(Data excerpts)
──────────────────────────────

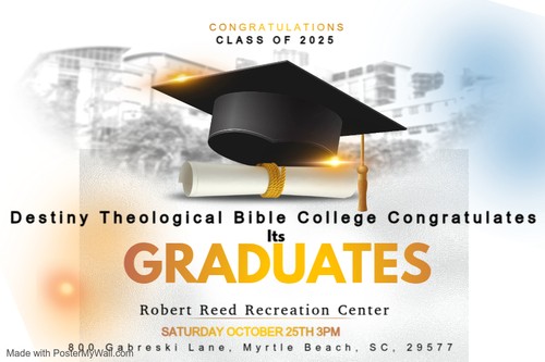 Come support our class of 2025 graduates of destiny theological bible college, october 25th at 3pm. The address is 800 Gabreski lane, myrtle beach south south carolina, at the robert reed recreation center.
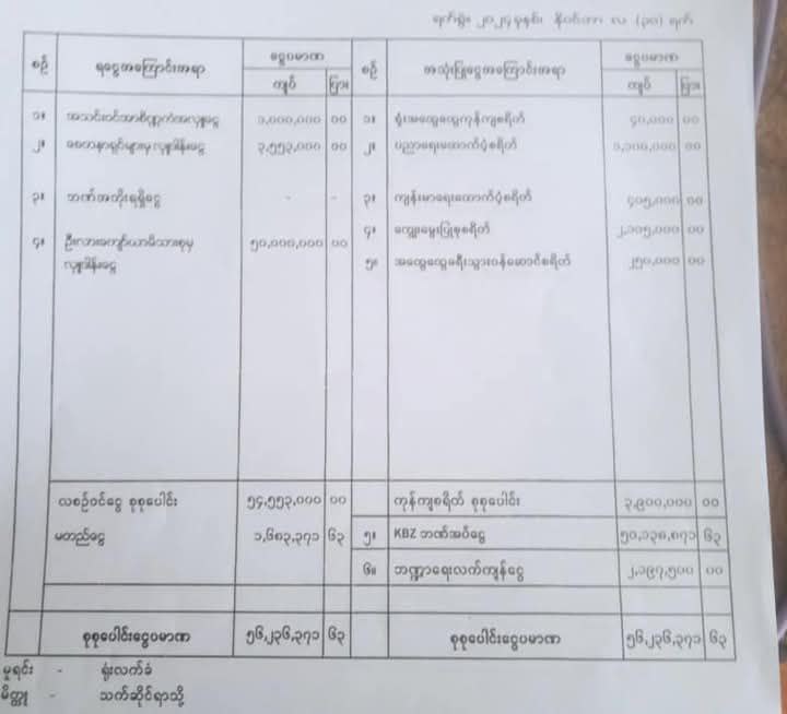 မ,တည်ငွေအဖြစ်ရှိနေရမယ်။ အခုက ပရဟိတအသင်းတွေက ဖောင်းပွလာတော့ ဘယ်လိုခေါ်မလဲ စည်းမျဥ်း၊စည်းကမ်းတစ်ခုကို သတ်မှတ်လိုက်တဲ့သဘောလားတော့ မသိဘူးပေါ့။ မြို့နယ်အဆင့်တို့ ခရိုင်အဆင့်တို့က မပါပါဘူး။ အသံမကြားပါဘူး။ ပြည်ထောင်စုအဆင့်နဲ့ တိုင်းအဆင့်အသင်းတွေ မှတ်ပုံတင်မှသာ
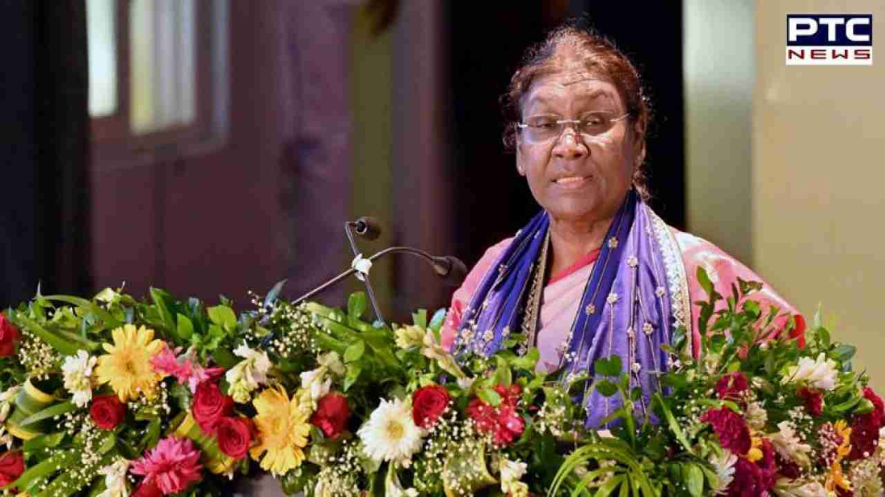 Cuttack, July 27: President Droupadi Murmu addresses the convocation of the National Law University Odisha, in Cuttack on Wednesday. (ANI Photo)
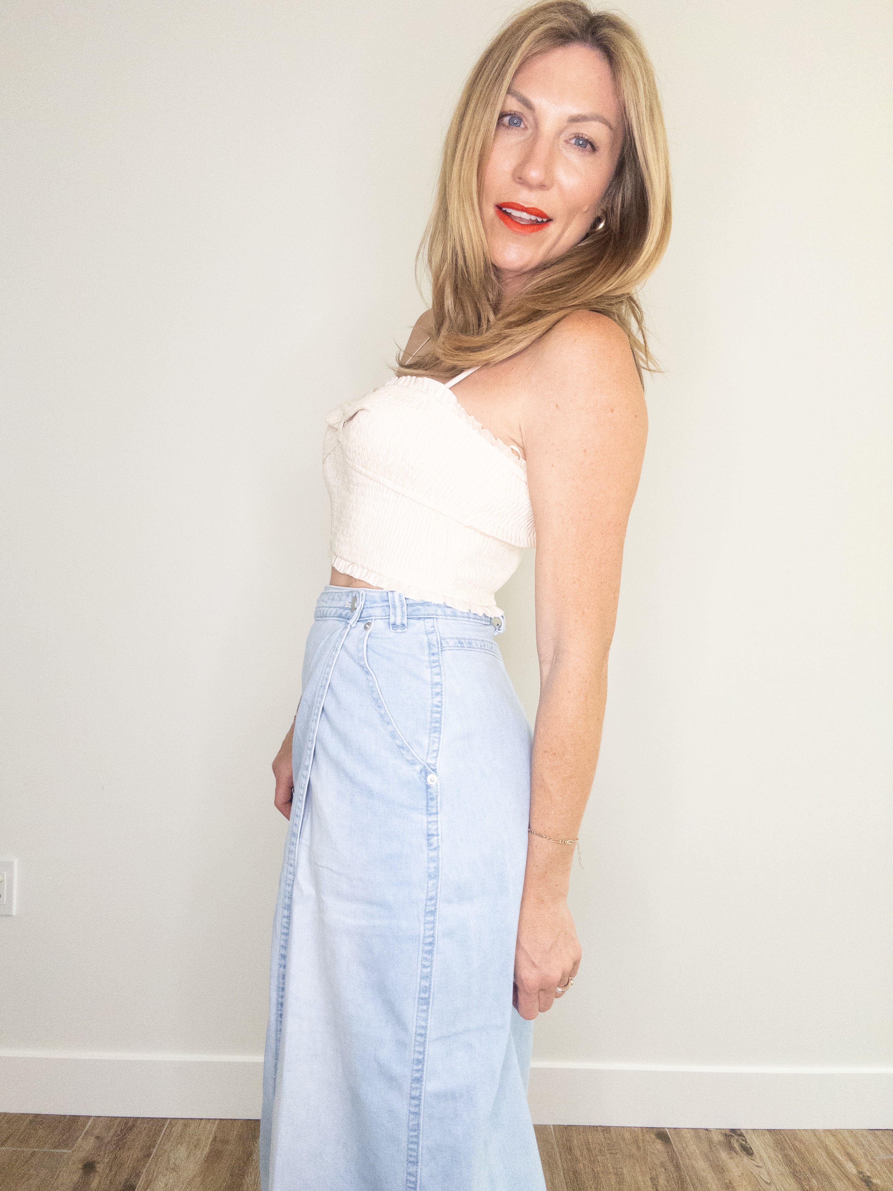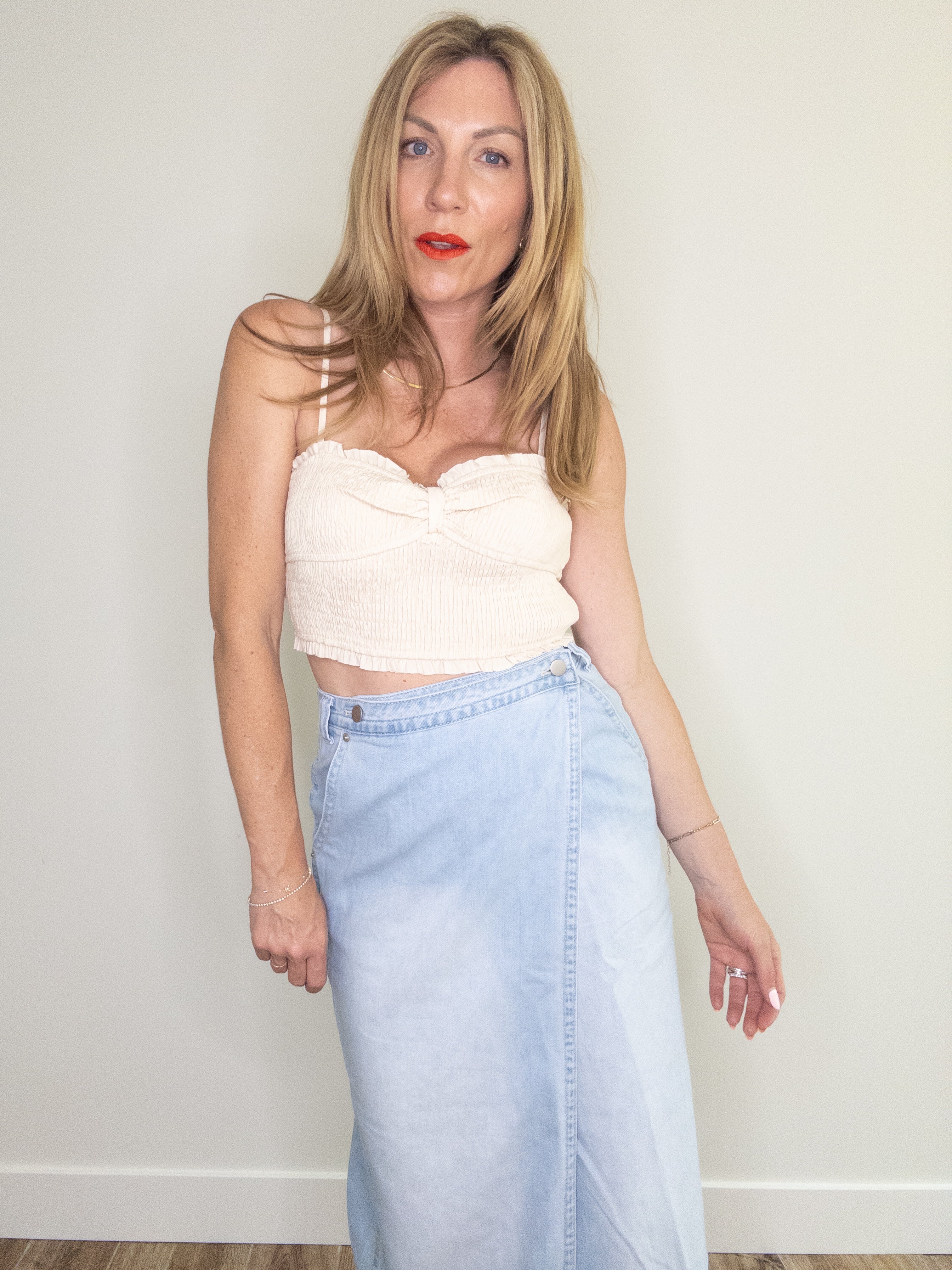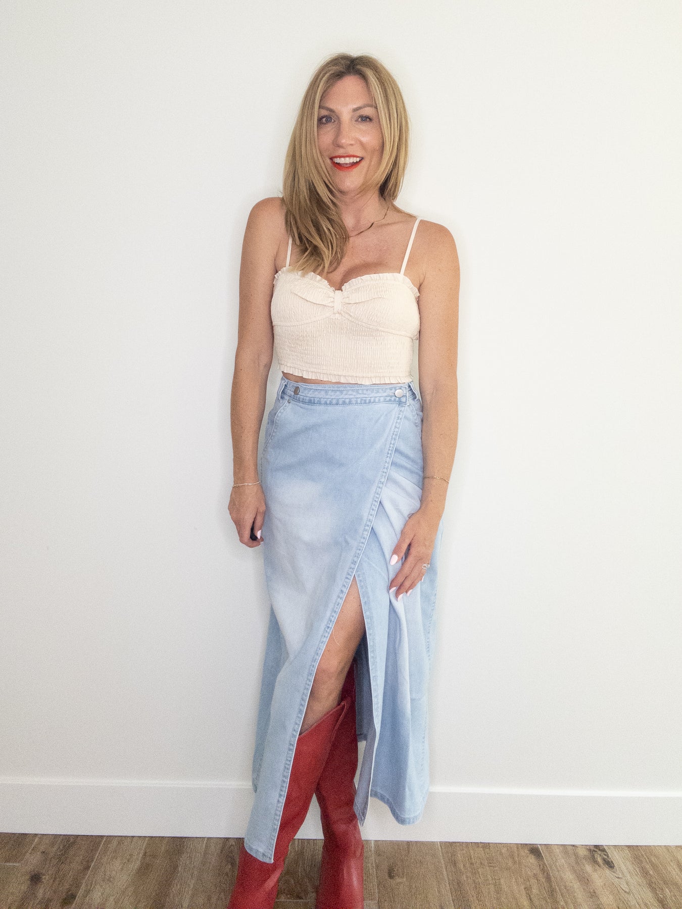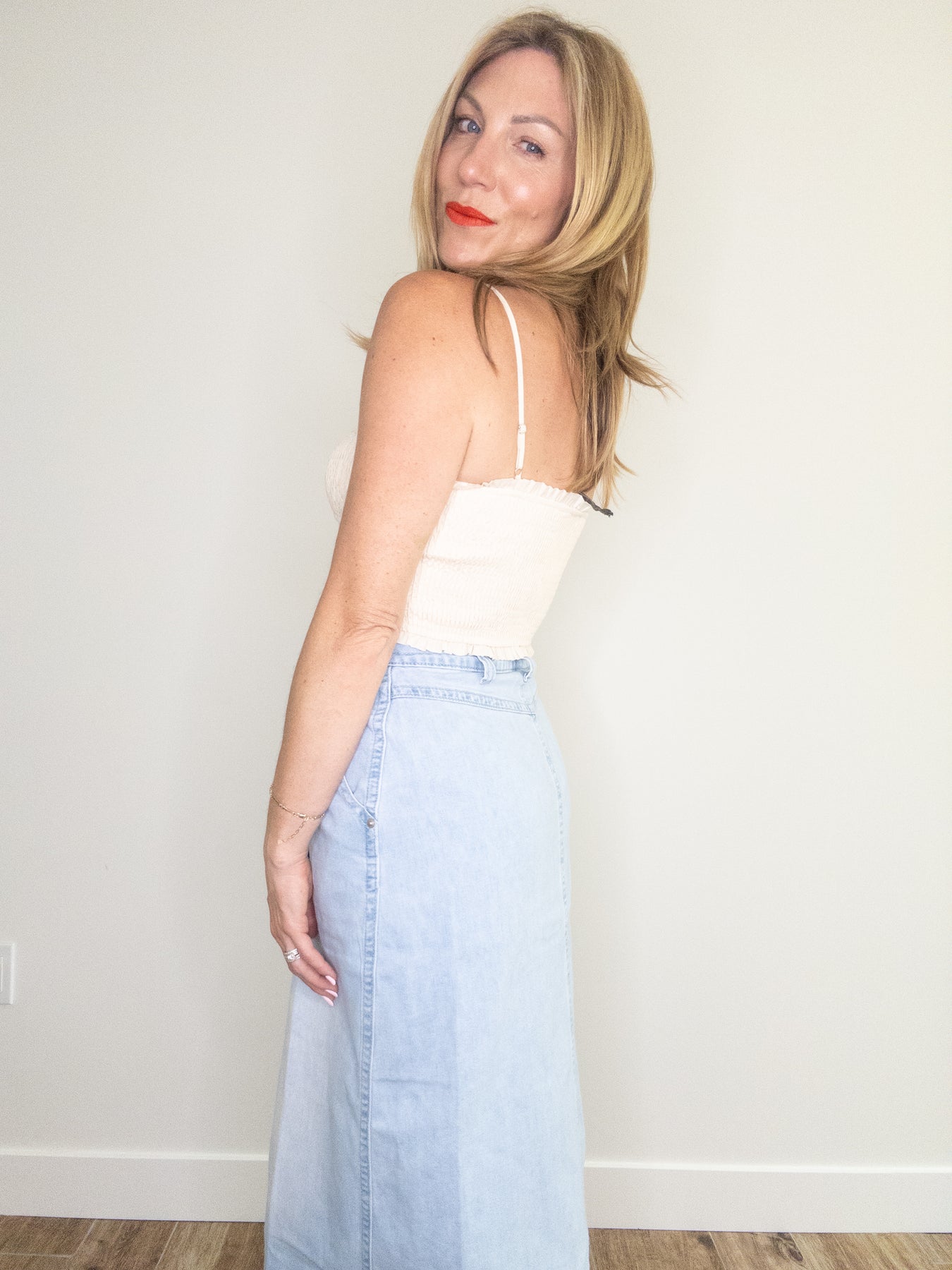This long denim midi skirt is going to look good on you girl! Available in a light wash denim with an overlap detail at the front, side pockets and button closure. A versatile piece that pairs well with a tank and boots or a graphic tee and some sneakers, we love this casual everyday skirt that can incorporated into any look.
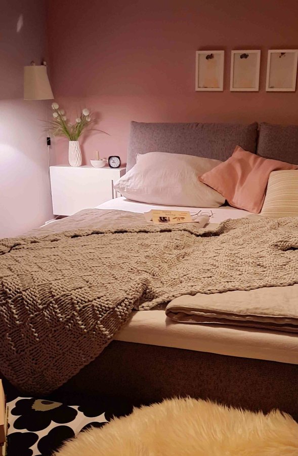 Schlafzimmer, Boxspringbett, Plaid, Leinenbettwäsche
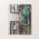 Charming Quaint Cape Cod Blue Bicycle Flowers Chic Jigsaw Puzzle
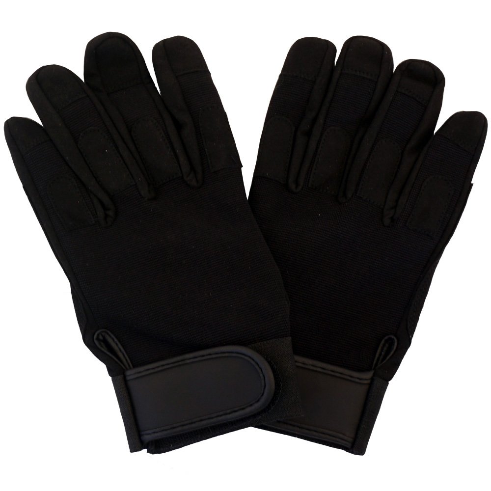 Tackle your next job with these Lightweight All Purpose Duty Gloves. Comfortable and durable, the gloves are great for taking on tactical tasks and everyday chores. The polyester spandex material is reinforced with synthetic leather palm patches and foam laminated finger pads for increased protection. Elastic cuff and velcro closure make it easy to slip the gloves on and off in a flash. Available in black, tan, OD green, and foliage green.
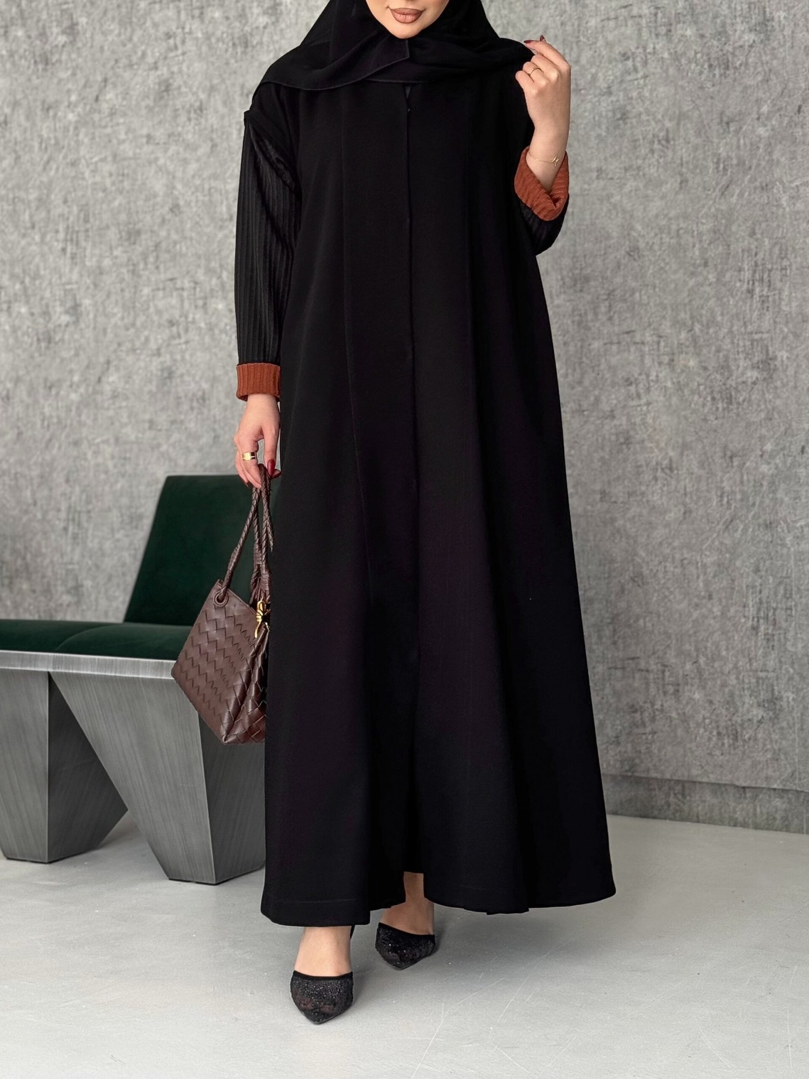 عبايه بقصه ملكيه باكمام تيريكو تعبتر ربيعيه اذا تبون الاكمام كامله خام العبايه كتبو ملاحظه القياسات الطول الكتف طول الاكمام
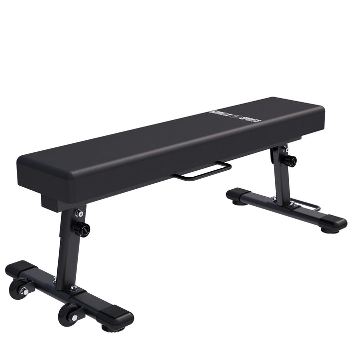 Flad Træningsbænk Sammenklappelig Med Hjul fra Gorilla Sports er den perfekte løsning til hjemmetræning. Denne fladbænk kombinerer maksimal ydeevne med minimal plads.
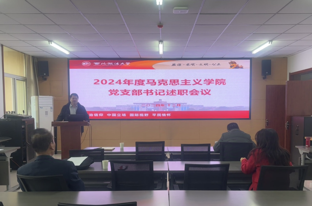 会上,马克思主义基本原理教研室党支部书记刘亚玲、马克思主义中国化研究教研室党支部书记赵金莎、中国近现代史纲要教研室党支部书记赵琳、思想政治教育教研室党支部书记李贵和行政党支部书记刘栩源分别作了述职报告。各党支部书记分别就本支部的党组织建设、理论学习、党员教育培养等工作情况及存在的问题和下一步工作安排进行了详细汇报。他们结合自身工作实际,深入剖析了存在的问题和不足,并提出了切实可行的改进措施和解决方案。与会人员经过讨论,对各支部党建工作进行了评定。各党支部书记述职完毕后,刘驰对本年度各党支部建设工作逐一进行点评,首先充分肯定了各支部这一年的工作成果,与此同时也指出了当下存在的问题,他要求各党支部要认真总结经验教训,切实强化自身建设,不断提升履职能力和工作水平,以推动学院党建工作再上新台阶。最后,会议对师德典范进行评选,旨在表彰优秀教师,树立师德榜样,激励全体教师不断提升职业道德和教育教学水平。
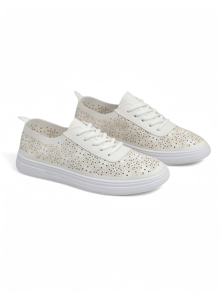• Eredeti fűzős női sportcipők nyomattal lapos talpon - a stílus és a kényelem tökéletes kombinációja. A lábbelik öko-bőrből készülnek. Fűzős modell, szövet talpbetéttel. Ideális aktív egyének számára!
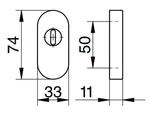 • F1-eloxierte PZ-Schieberosette mit Kernziehschutz in ovaler Ausführung
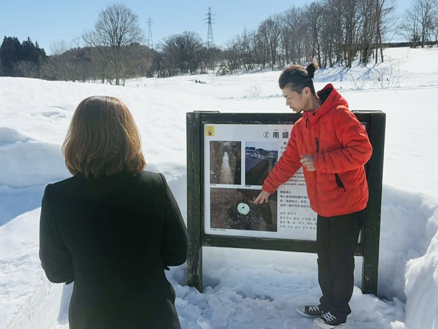 初めて雪の中の三内丸山遺跡ガイドを
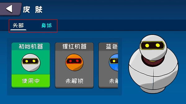 机器人的皮肤涵盖其头部与身体部分,部分皮肤需持续通关对应关卡方可解锁,并且不同类型的皮肤具备的伤害抵御能力存在差异。

──────────────────────────────

Skip every picture, and restate word for word only the lines above from the line containing "Tackle your next" to the line containing "عبايه بقصه ملكيه", both of them included.

■ **Response to the task**
 Tackle your next job with these Lightweight All Purpose Duty Gloves. Comfortable and durable, the gloves are great for taking on tactical tasks and everyday chores. The polyester spandex material is reinforced with synthetic leather palm patches and foam laminated finger pads for increased protection. Elastic cuff and velcro closure make it easy to slip the gloves on and off in a flash. Available in black, tan, OD green, and foliage green.
 عبايه بقصه ملكيه باكمام تيريكو تعبتر ربيعيه اذا تبون الاكمام كامله خام العبايه كتبو ملاحظه القياسات الطول الكتف طول الاكمام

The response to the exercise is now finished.